Maybe This Christmas
Page 17
The honey made her guilt worse. “I’m so sorry, Josh. I don’t know what I was thinking. And now you’re going to go into the store and everyone will be asking you and—oh, you know what they’re like. They gossip. I’m going to call her in a minute and tell her it was a lie. I’ll tell her she has to back off.”
“Don’t call her. I have a better idea.”
She forced herself to look at him, expecting anger and seeing amusement. “You do?”
“Yeah, we go on that date.”
“We can’t. Josh, there will be gossip.”
“I handle drunks, car thieves and even the occasional armed robber. I think I can handle gossip.”
“I can’t let you do that. I wish I’d never said it. I should have been assertive and told her my love life was my business, but the wrong thing came out of my mouth. I wanted to stop her.”
“Then let’s stop her. When is this date of ours?”
Her face was as hot as a fire pit. “I told her Tuesday.”
Josh considered. “It will take a bit of juggling, but I guess I can do Tuesday. I have a meeting with the mountain rescue team at six to talk about the winter season, but I’ll be through by seven-thirty.”
A skilled rock and ice climber, Josh was a training officer for the Snow Crystal Mountain Rescue Team.
“Are you sure?” She couldn’t shake the embarrassment. “I’ll pay. And I’ll meet you somewhere.”

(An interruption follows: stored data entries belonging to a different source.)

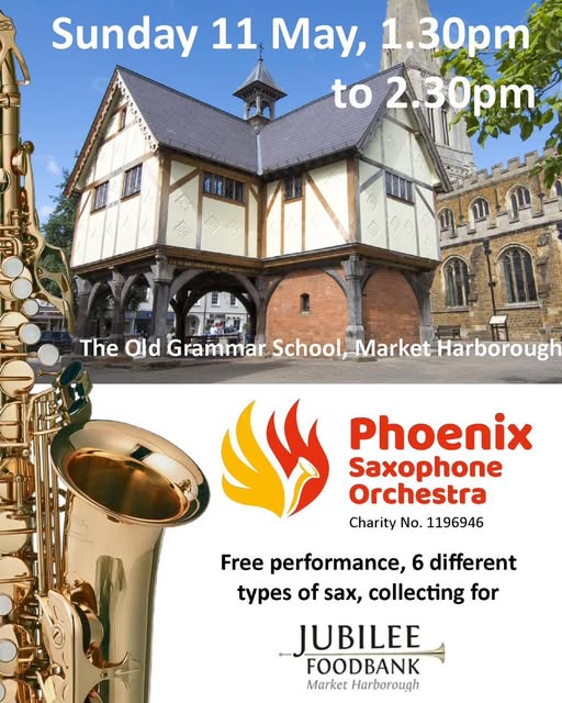 REMINDER! The Phoenix Saxophone Orchestra will be holding a free performance TODAY, Sunday 11 May at 1:30pm where they will be collecting for Jubilee Foodbank! 💜🎷 #marketharborough #harbs #harbslocal #foodbank #harborough #localfoodbank (fb)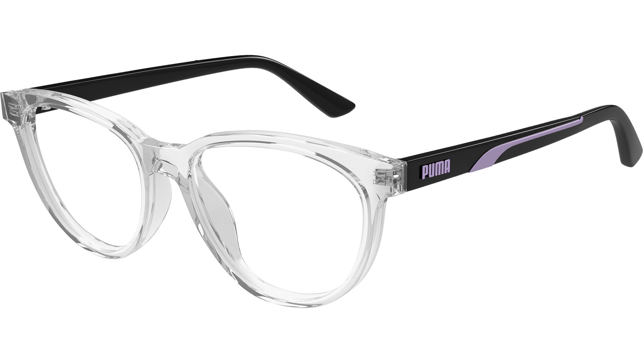 Occhiali da vista Puma Junior modello PJ0079O variante colore 003 cristallo lucido con lenti demo. Rivenditore autorizzato Puma online. Gli occhiali vengono consegnati con custodia e accessori originali e sono coperti dalla garanzia ufficiale di 12 mesi del produttore.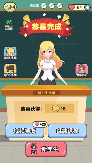 此外,这款游戏的体验远超于此。除了充满趣味的闯关休闲小游戏,教书育人乃是班主任的核心任务。点击“我的教室”,你会发现有更多班主任角色可供选择。学生座位调整、新学生解锁以及课程教学等,都是该游戏别具一格的亮点。接下来,就让我们一同去瞧瞧吧!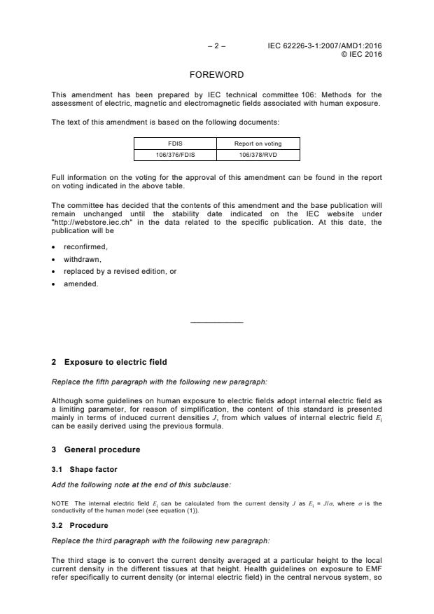 IEC 62226-3-1:2007/AMD1:2016 - Amendment 1 - Exposure to electric or magnetic fields in the low and intermediate frequency range - Methods for calculating the current density and internal electric field induced in the human body - Part 3-1: Exposure to electric fields - Analytical and 2D numerical models

“No.” He was thoughtful. “I’ll pick you up from Tyler’s place. Eight o’clock suit you? We need to go somewhere public so that news of our date will be spread around the local population. That will keep your mother happy for a while and keep her off your back. And now I have to go. I’m late for a planning meeting about the next snowfall heading our way.”

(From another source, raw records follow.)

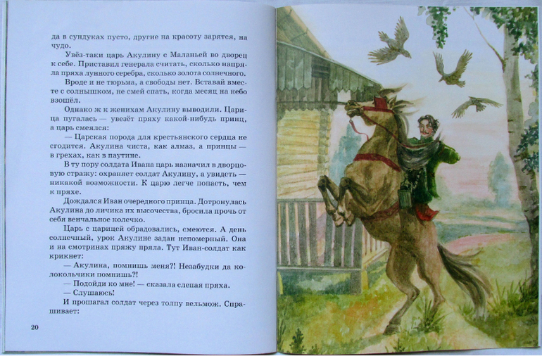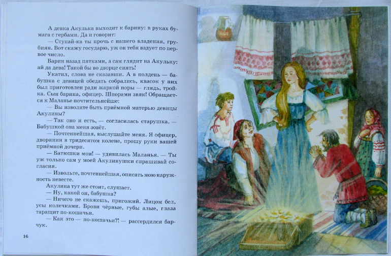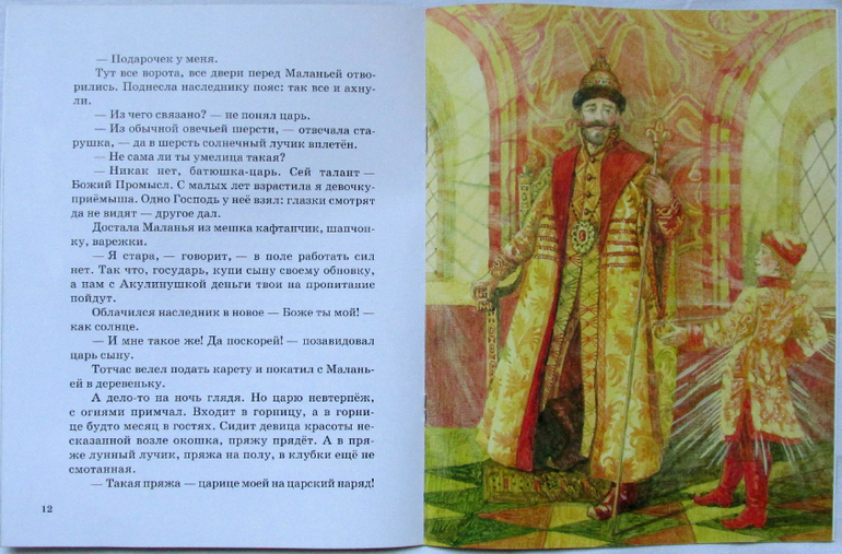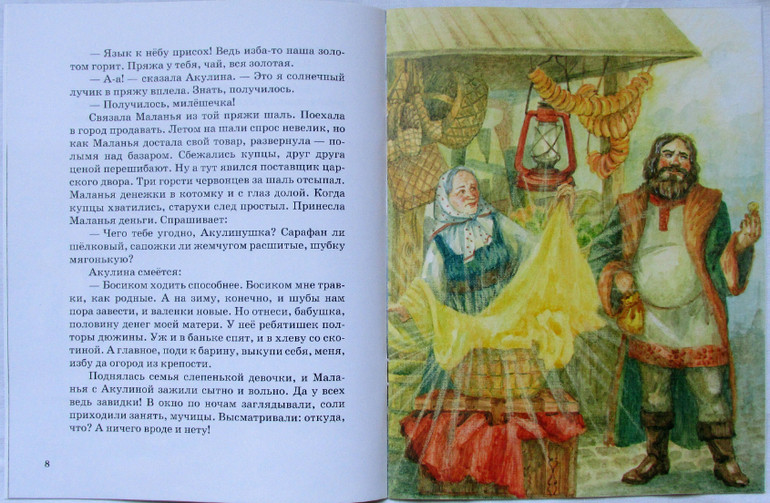 Открылся у Акулины необычный талант, стала она прясть золотую да серебряную пряжу, то лучик солнечный в нее вплетет, то лунный. И барины и цари стали золотом засыпать юную рукодельницу за ее прекрасную пряжу, жизнь у старухи с девицей налаживаться стала.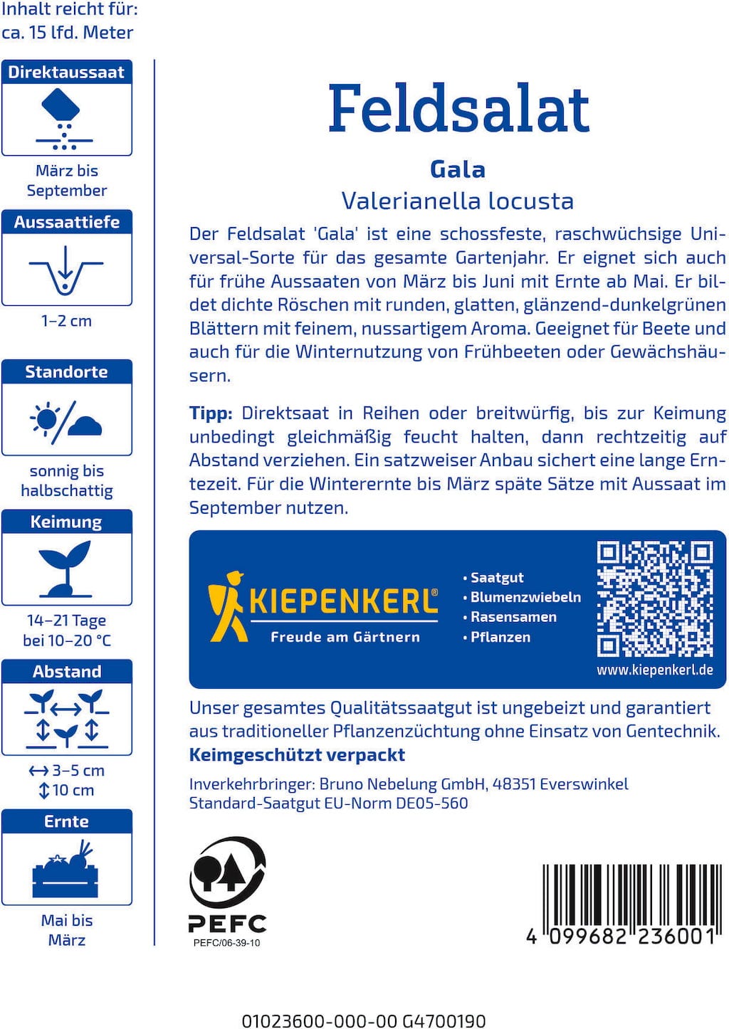 Esta variedade de crescimento rápido e resistente ao espigamento é adequada para toda a temporada ao ar livre, bem como para o uso no inverno em estufas e canteiros protegidos. As suas rosetas densas consistem em folhas verdes escuras e lisas, com um agradável sabor a noz.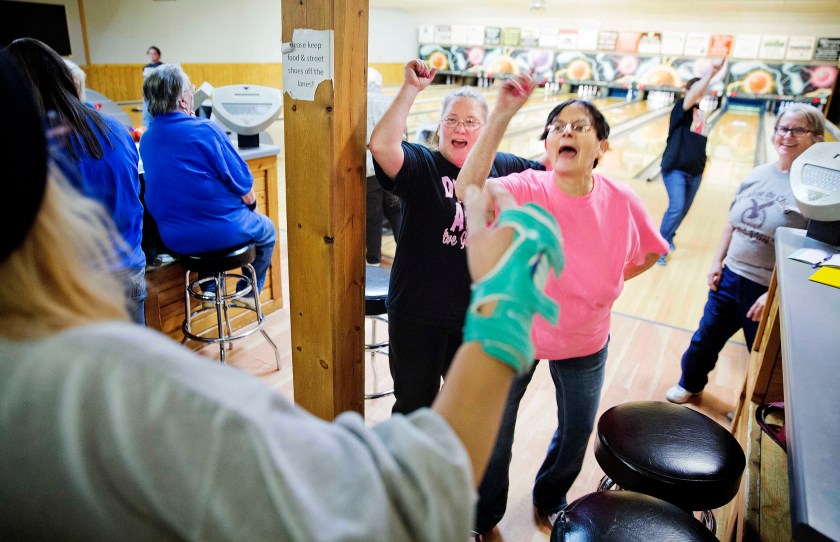 Jackie Suelflow, right, and Mikey Clanton, left, dance and sing during a ladies bowling night in Prairie du Chien, Wis. Their hometown is the second-oldest community in the state and also one of the poorest. (AP Photo/David Goldman)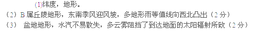 (3)右图为太阳辐射的分布曲线图,等值线在C处数值最小的原因。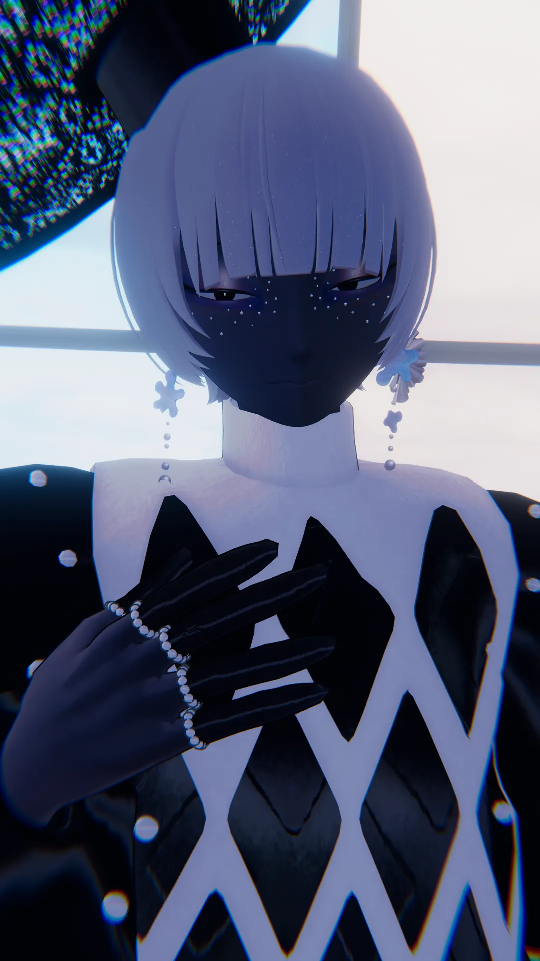 シルエットから指先までかわいいPieDressn袖のデザインに合わせてそばかすパールをつけました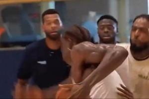 艾頓參與多人對(duì)抗訓(xùn)練錘煉持球進(jìn)攻,展現(xiàn)轉(zhuǎn)身拋投、歐洲步上籃、急停跳投、中遠(yuǎn)投等進(jìn)攻技巧。

“You don’t have time for this.”
“It’s the usual drill. We’ll suspend parking, pre-treat the roads and keep the plows running through the storm. Whatever the weather brings, we still have to eat.” Josh was calm. “I’ll book somewhere in town.”
“It’s not fair to you.”
“It’s dinner, that’s all,” he said mildly. “Two friends sharing food and talking. It doesn’t have to be more complicated than that.”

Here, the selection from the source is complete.